> [Data provided]:
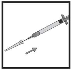 Ta et fast tak i sprøyten. Fest kanylen forsiktig til den ferdigfylte sprøyten med den fargeløse oppløsningen.
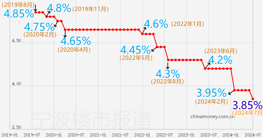 其中,作为房贷利率参照的5年期以上LPR,继今年2月以史上最大幅度调降25个基点后(从4.2%降至3.95%),今天再次下调10个基点,最新的5年期以上LPR来到了3.85%。
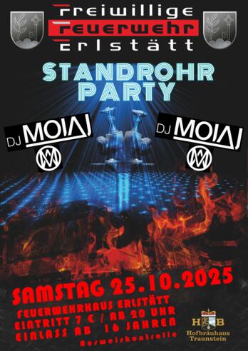 FFW Erlstätt: Standrohrparty am Feuerwehrhaus in Erlstätt Eintritt 7 € / ab 20 Uhr Einlass ab 16 Jahren! DJ Moiaj
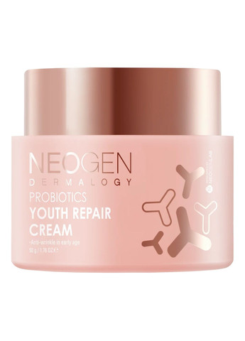 Відновлюючий крем з пробіотиками та пептидами Neogen Dermalogy Probiotics Youth Repair Cream уповільнює процеси в'янення, покращує мікробіом шкіри, посилює захисні та бар'єрні функції. Робить шкіру більш гладкою та пружною, м'яко освітлює та вирівнює тон, усуває тьмяність та почервоніння. Крем глибоко зволожує, підтримує оптимальний водноліпідний баланс, не допускає утворення сухості та зневоднення. Зміцнює волокна епідермісу, заповнює цілісність шкірних покривів, активізує процеси відновлення та регенерації. Підтримує бар'єрні та захисні функції, утворює невидимий бар'єр, що оберігає від агресивної дії ультрафіолету, вільних радикалів, забруднень, пилу та інших факторів довкілля. Крем має легку текстуру, легко розподіляється по шкірі і швидко вбирається, моментально усуваючи стягнутість і не залишаючи жирної плівки. Основні діючі інгредієнти: Лізат ферменту лактобактерій підтримують природну мікрофлору, покращують структуру колагену, підвищуючи пружність. Поліпшують колір обличчя, регулюють вироблення меланіну, освітлюють гіперпігментацію. Комплекс пептидів нормалізує вироблення колагену та еластину, розгладжує, вирівнює рельєф. Покращує колір шкіри, надає їй здорового сяйва і пружності. Ніацинамід сповільнює доставку меланіну до епідермісу, запобігає утворенню пігментних плям. Знижує чутливість до зовнішніх подразників, сприяє виробництву колагену та підвищенню щільності. Комплекс церамідів зміцнює клітини та захищає їх від пошкоджень, запобігає випару вологи і сприяє тривалому зволоженню, підтримує оптимальний гідроліпідний баланс. Лізат ферменту біфіду відновлює мікрофлору епідермісу, покращує регенерацію та оновлення клітин, підвищує захисні властивості, утворює бар'єр, що перешкоджає впливу агресивних факторів навколишнього середовища. Зупиняє передчасне старіння, посилює мікроциркуляцію та сприяє синтезу колагену. Лізат стрептококів прискорює поділ клітин, зміцнює волокна епідермісу, покращує текстуру шкіри. Покращує бар'єрні функції, підвищує імунітет, знижує реактивність. 8 видів гіалуронової кислоти проникають у глибокі шари епідермісу, активно зволожують, сприяють утриманню вологи. Утворюють захисний шар, який не дає випаруватися волозі. Гідролізований колаген відновлює структуру епідермісу зсередини, зміцнює стінки клітин, покращує білковий обмін. Підтримує матрикс шкіри, розгладжує зморшки та заломи. Молочна кислота крім легкого відлущування відмінно зволожує і сприяє синтезу церамідів. За рахунок цього зміцнює ліпідний бар'єр і розгладжує дрібні зморшки, покращує колір обличчя. Комплекс амінокислот зміцнює волокна епідермісу, відновлює пошкоджені тканини, робить шкіру щільною та пружною. Підходить для всіх типів шкіри, у тому числі для чутливої. Спосіб застосування: нанесіть крем як завершальний етап догляду. Об'єм: 50 г.

> [What to work on]: Write out the whole listing exactly, with no pictures.

> [Solved exercise]:
 Ta et fast tak i sprøyten. Fest kanylen forsiktig til den ferdigfylte sprøyten med den fargeløse oppløsningen.
 其中,作为房贷利率参照的5年期以上LPR,继今年2月以史上最大幅度调降25个基点后(从4.2%降至3.95%),今天再次下调10个基点,最新的5年期以上LPR来到了3.85%。
 FFW Erlstätt: Standrohrparty am Feuerwehrhaus in Erlstätt Eintritt 7 € / ab 20 Uhr Einlass ab 16 Jahren! DJ Moiaj
 Відновлюючий крем з пробіотиками та пептидами Neogen Dermalogy Probiotics Youth Repair Cream уповільнює процеси в'янення, покращує мікробіом шкіри, посилює захисні та бар'єрні функції. Робить шкіру більш гладкою та пружною, м'яко освітлює та вирівнює тон, усуває тьмяність та почервоніння. Крем глибоко зволожує, підтримує оптимальний водноліпідний баланс, не допускає утворення сухості та зневоднення. Зміцнює волокна епідермісу, заповнює цілісність шкірних покривів, активізує процеси відновлення та регенерації. Підтримує бар'єрні та захисні функції, утворює невидимий бар'єр, що оберігає від агресивної дії ультрафіолету, вільних радикалів, забруднень, пилу та інших факторів довкілля. Крем має легку текстуру, легко розподіляється по шкірі і швидко вбирається, моментально усуваючи стягнутість і не залишаючи жирної плівки. Основні діючі інгредієнти: Лізат ферменту лактобактерій підтримують природну мікрофлору, покращують структуру колагену, підвищуючи пружність. Поліпшують колір обличчя, регулюють вироблення меланіну, освітлюють гіперпігментацію. Комплекс пептидів нормалізує вироблення колагену та еластину, розгладжує, вирівнює рельєф. Покращує колір шкіри, надає їй здорового сяйва і пружності. Ніацинамід сповільнює доставку меланіну до епідермісу, запобігає утворенню пігментних плям. Знижує чутливість до зовнішніх подразників, сприяє виробництву колагену та підвищенню щільності. Комплекс церамідів зміцнює клітини та захищає їх від пошкоджень, запобігає випару вологи і сприяє тривалому зволоженню, підтримує оптимальний гідроліпідний баланс. Лізат ферменту біфіду відновлює мікрофлору епідермісу, покращує регенерацію та оновлення клітин, підвищує захисні властивості, утворює бар'єр, що перешкоджає впливу агресивних факторів навколишнього середовища. Зупиняє передчасне старіння, посилює мікроциркуляцію та сприяє синтезу колагену. Лізат стрептококів прискорює поділ клітин, зміцнює волокна епідермісу, покращує текстуру шкіри. Покращує бар'єрні функції, підвищує імунітет, знижує реактивність. 8 видів гіалуронової кислоти проникають у глибокі шари епідермісу, активно зволожують, сприяють утриманню вологи. Утворюють захисний шар, який не дає випаруватися волозі. Гідролізований колаген відновлює структуру епідермісу зсередини, зміцнює стінки клітин, покращує білковий обмін. Підтримує матрикс шкіри, розгладжує зморшки та заломи. Молочна кислота крім легкого відлущування відмінно зволожує і сприяє синтезу церамідів. За рахунок цього зміцнює ліпідний бар'єр і розгладжує дрібні зморшки, покращує колір обличчя. Комплекс амінокислот зміцнює волокна епідермісу, відновлює пошкоджені тканини, робить шкіру щільною та пружною. Підходить для всіх типів шкіри, у тому числі для чутливої. Спосіб застосування: нанесіть крем як завершальний етап догляду. Об'єм: 50 г.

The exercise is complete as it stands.